Thread-0: read() = "?"
Thread-0: read() = "x"
Thread-0: read() = "m"
Thread-0: read(buff, 0, 28) = 28 "l version="1.0" encoding="UT"
Thread-0: read() = "F"
Thread-0: read() = "-"
Thread-0: read() = "8"
Thread-0: read() = """
Thread-0: read() = "?"
Thread-0: read() = ">"
Thread-0: read(buff, 0, 8192) = 949
"<methodResponse><params><param><value><struct><member><name>userId</name><value><i4>1</i4></value></member>
..."
Thread-0: read(buff, 0, 8192) = -1
Thread-0: close()
----------
Note that unlike the previous case, the reads from the socket are not
intermixed, and Thread-0 sees the correct response. Note however the following
line and the subsequent stack trace:
Thread-1: java.lang.IllegalStateException: Already connected
Here's the issue: The underlying URLConnection has two states - opened and
connected - see
http://java.sun.com/javase/6/docs/api/java/net/URLConnection.html. You can
only set headers when the UrlConnection is in the opened state, once it becomes
connected you can't modify headers.

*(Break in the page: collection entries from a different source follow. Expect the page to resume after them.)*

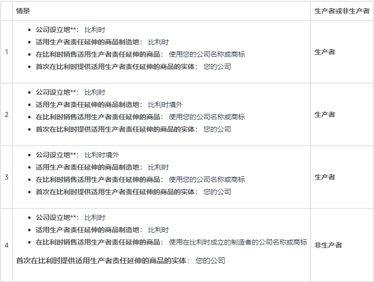 如果您使用您的公司名称或商标在比利时销售或转售适用生产者责任延伸的商品,且您是首次在比利时提供适用生产者责任延伸的商品的实体,则您被视为生产者。
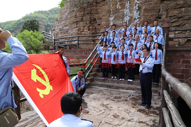 學(xué)員們踏上350米的廊橋——“紅飄帶”,來到青年洞洞口。1973年,全國人大常委會(huì)副委員長郭沫若親自題寫了洞名。洞口刻有李先念、江澤民題詞。學(xué)員們集體在洞口合影留念,并重溫入黨誓詞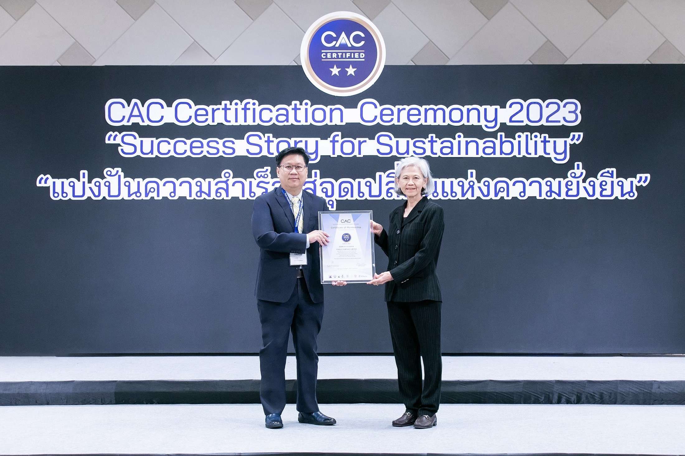 นายกิตติชัย สิงหะ ประธานคณะเจ้าหน้าที่ด้านกำกับดูแลธุรกิจ ธนาคารกรุงศรีอยุธยา จำกัด (มหาชน) เป็นตัวแทนธนาคารเข้าร่วมงาน CAC Certification Ceremony 2023: Success Story for Sustainability เพื่อรับมอบประกาศนียบัตรรับรองการเป็นสมาชิกแนวร่วมต่อต้านคอร์รัปชันของภาคเอกชนไทย (สมาชิก CAC) ซึ่งธนาคารพร้อมทั้งบริษัทในเครืออีก 13 บริษัท ได้รับรองการเป็นสมาชิก CAC อย่างต่อเนื่องเป็นครั้งที่ 4 (CAC Recertification) โดยแนวร่วมต่อต้านคอร์รัปชันของภาคเอกชนไทย (Thai Private Sector Collective Action Against Corruption (CAC)) ได้รับรองธนาคารและธนาคารพาณิชย์ไทยอื่นๆ เป็นกลุ่มแรกตั้งแต่วันที่ 8 ตุลาคม 2556
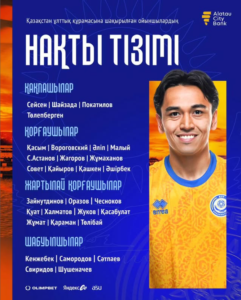 Қазақстан Ұлттық құрамасы алдағы болатын Солтүстік Македония мен Лихтенштейнге қарсы ойында шығатын өзінің құрамын жариялады.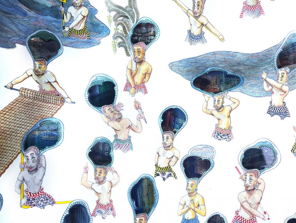 Artista raffinato e engagé, da anni Hettiarachchi osserva e rappresenta le grandi trasformazioni sociali ed urbane causate dalla nuova colonizzazione indiana e cinese dello Sri Lanka. I Visitatori arrivano da un Nord che non rappresenta più (o almeno non solo) gli ex colonizzatori europei o gli Stati Uniti bensì le nuove potenze mondiali quali Cina e India, interessate a sfruttare le risorse naturali e sociali dello Sri Lanka snodo centrale per la Nuova Via della Seta. Con They come from North Kaiya Collective, in collaborazione con Terzo Paesaggio, 5e6 e Fondazione Pianoterra, continua la ricerca sui linguaggi artistici, i territori e gli immaginari esplorati nella costellazione artistica e laboratoriale scaturita dalla produzione del lungometraggio Still Here di Suranga Katugampala.

When Thread-0 exits the synchronized
sendRequest method, Thread-1 acquires the lock, but the shared UrlConnection is
already in the connected state, so the attempt by Thread-1 to set headers fails.
Which takes us back to my original comment in the bug - XmlRpcClient just
*isn't* thread-safe, despite what the docs say. You may get away with using it
in multi-threaded apps using a transport other than the SunHttpTransport , you
may get away with running it on a uniprocessor machine, you may get away with
only running it under light load, but using the Sun transport on a MP machine
under heavy load it is just plain broken.
I'll carry on investigating and see if I can figure out a fix, but I suspect it
is going to require either a rewrite or some aggressively coarse-grained
locking.
> XmlRpcClient is supposed to be thread-safe but it isn't
> -------------------------------------------------------
>
> Key: XMLRPC-167
> URL: https://issues.apache.org/jira/browse/XMLRPC-167
> Project: XML-RPC
> Issue Type: Bug
> Components: Source
> Affects Versions: 3.1.2
> Environment: Solaris
> Reporter: Alan Burlison
>
> http://ws.apache.org/xmlrpc/apidocs/org/apache/xmlrpc/client/XmlRpcClient.html
> says:
> ----------
> A configured XmlRpcClient object is thread safe: In other words, the
> suggested use is, that you configure the client using
> setTransportFactory(XmlRpcTransportFactory) and similar methods, store it in
> a field and never modify it again. Without modifications, the client may be
> used for an arbitrary number of concurrent requests.
> ----------
> I have a simple test case that creates two threads that share a single
> XmlRpcClient instance, and if I run the test I see the following errors:
> ----------
> Fatal Error] :1:1: Content is not allowed in prolog.
> operation failed, Failed to parse server's response: Content is not allowed
> in prolog.
> [Fatal Error] :1:10: Element type "xlvrsion" must be followed by either
> attribute specifications, ">" or "/>".
> operation failed, Failed to parse server's response: Element type "xlvrsion"
> must be followed by either attribute specifications, ">" or "/>".
> ----------
> ----------
> [Fatal Error] :1:1: Content is not allowed in prolog.
> [Fatal Error] :1:5: Element type "xlv" must be followed by either attribute
> specifications, ">" or "/>".
> operation failed, Failed to parse server's response: Element type "xlv" must
> be followed by either attribute specifications, ">" or "/>".
> operation failed, Failed to parse server's response: Content is not allowed
> in prolog.
> ----------
> If I wrap the call to XmlRpcClient.execute with a synchronized block that
> locks on the XmlRpcClient object, the code works fine.
> It looks like the execute code is not locking around the read/write to/from
> the server, so the threads are competing to read the response from the
> server, and are tripping over each other.